The Recent Politicisation of Immigration in Poland in Light of Pre-Existing State Practices: Continuity or Change in the Understanding of Citizenship and Nationhood?
Citizenship
Migration
Policy Analysis
Education
Empirical
Abstract
Multiple and complex links exist between the notion of citizenship and the manner in which nation-states approach migration. Immigrants are non-citizens who nevertheless reside in a country alongside its citizens. Their very presence puts into question the presumed continuity between the state, its population, and its territory. Whereas the very idea of a nation-state supposes the existence of a strictly defined and limited group of citizens who constitute the nation and in whose name the state exercises control over a portion of land, migrants’ mobile lives render those assumptions problematic. It is hence not a surprise that many countries attempt to strictly control their migrant populations.
Poland, up to recently a country of emigration rather than immigration, seemed for a long time exempt from the debates and controversies this topic gives rise to in the rest of Europe. It is only since 2015 that the issue of immigration became politicized, as right-wing parties - and in particular the ruling Law and Justice (PiS) - made a virulent anti-immigration discourse part of their political offer. In this discourse the links between the treatment of immigration and the understandings of citizenship are clearly made, with citizenship defined as synonymous with belonging to an ethnically bounded nation.
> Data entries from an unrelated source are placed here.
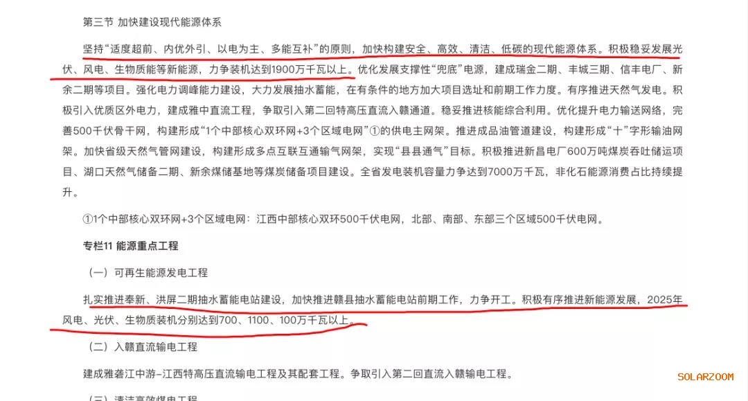 文件顯示,江西省將在“十四五”期間堅(jiān)持“適度超前、內(nèi)優(yōu)外引、以電為主、多能互補(bǔ)”的原則,加快構(gòu)建安全、高效、清潔、低碳的現(xiàn)代能源體系。積極穩(wěn)妥發(fā)展光伏、風(fēng)電、生物質(zhì)能等新能源,到2025年力爭裝機(jī)達(dá)到1900萬千瓦以上。其中,風(fēng)電、光伏、生物質(zhì)裝機(jī)分別達(dá)到700、1100、100萬千瓦以上。
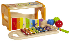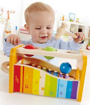 הכירו את משחק הפטיש-קסילופון התפתחותי של HAPE – שילוב מושלם בין כיף ולמידה! המשחק מעוצב בצורה צבעונית וכדורית, עשוי מעץ איכותי ועמיד. באמצעות הפטיש, הילדים יכולים להכות בכדורים המתגלגלים וליהנות מניגון עליז על הקסילופון המצורף. יתרון נוסף – הקסילופון ניתן לניתוק ולהשתמש בו בנפרד, מה שמאפשר יצירתיות וגמישות במשחק.
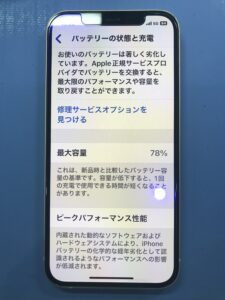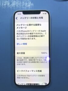 バッテリー最大容量も100%表示に切り替わっており修理完了となりました。
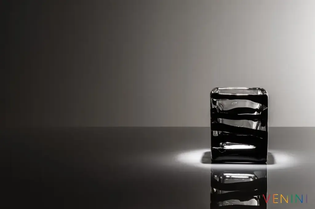 Black Belt Quadro is a vase made of submerged blown glass, in bands.Appealing to the eye, to the touch and to the mind. This work by Peter Marino was designed to be the most provocative one in the Fornace (Kiln). Striking beauty. The Quadro collection stands out for its perfectly cubic shape.The power of light and materiality are paramount to all my architectural projects – the Black Belt collection of vases evolved from these considerations. The craftsmanship of Venini dates to the 13th century, yet the process allows for designers to realize entirely modern concepts such as these individual works of art.Limited edition of 349 works
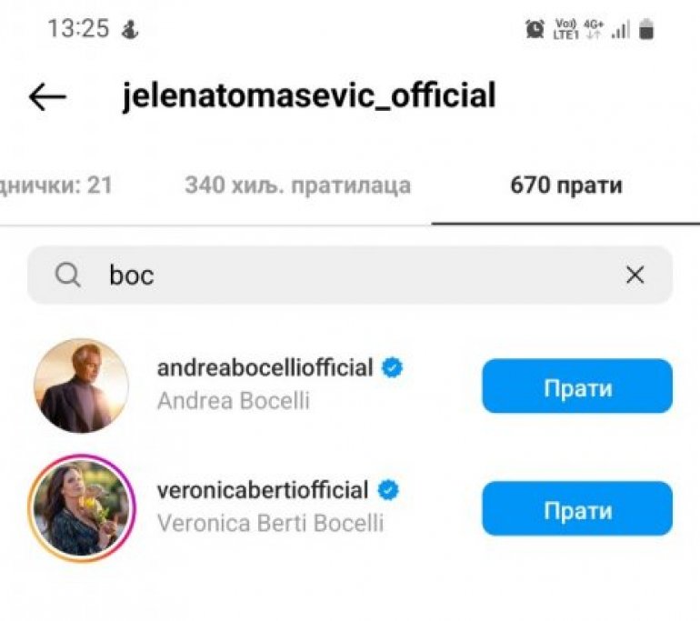 НАКОН што је, пре недељу дана, један од најбољих светских тенора наступио у Београду, а с њим се на бини се појавила Јелена Томашевић, Андреа Бочели запратио је нашу певачицу и на Инстаграму.
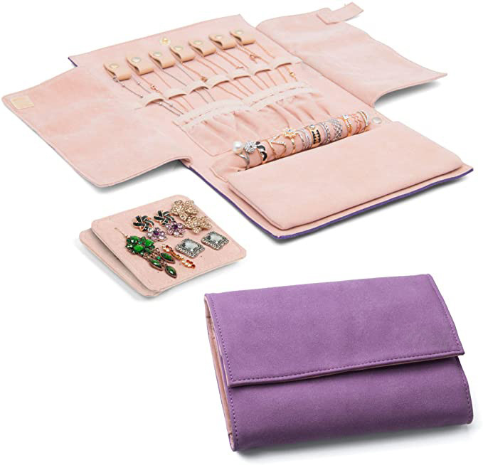 Bolso de joyería de gran capacidad de cuero organizador de rollo de viaje
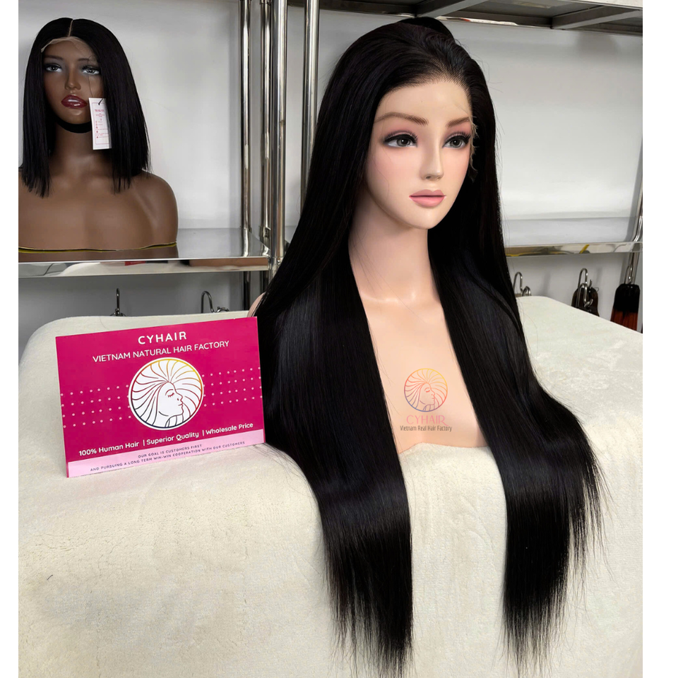 วิกผม360ลูกไม้แบบเต็ม HD สีธรรมชาติผมแท้แบบใสด้านหน้าผมตรงทรงกระดูกเวียดนามสีดำ

However, it is postulated in this paper that explicit political discourse is far from being the only source of such definitions. Rather, it is through the everyday actions of state agencies, including street-level bureaucracies, that conceptions of citizenship are produced and imposed. In particular, the selection of the “worthy” migrants who will be allowed to reside in a country and perhaps ultimately become citizens, is deeply rooted in interpretations of a nation’s boundaries, of proximity, and of otherness. Thus, it seems justified to ask whether the ideas of citizenship, nationhood, and immigration promoted today in Poland are truly new, or if they have roots in preexisting state practices. How do they relate the conceptions that have been implicitly guiding the actions of state officials before the topic even became a subject of public debate? What can the study of everyday practices tell us about the definitions of citizens and of “worthy” immigrants that were and are prevalent within Polish institutions?
In order to answer those questions, this paper is mainly based on a study of Polish street-level immigration services carried out in 2014, just before the issue of immigration became politicized. In particular, it draws on a case study conducted by means of participant observation and semi-structured interviews in an agency of this kind. The aim is to look at the mechanisms of inclusion, exclusion, and selection at work in the absence of a strong political discourse on the topic. This initial study is also put into perspective with a document analysis focusing on the current discourses around immigration in Poland, in order to explore the relations, continuities, and shifts that might exist between those two periods and two spheres.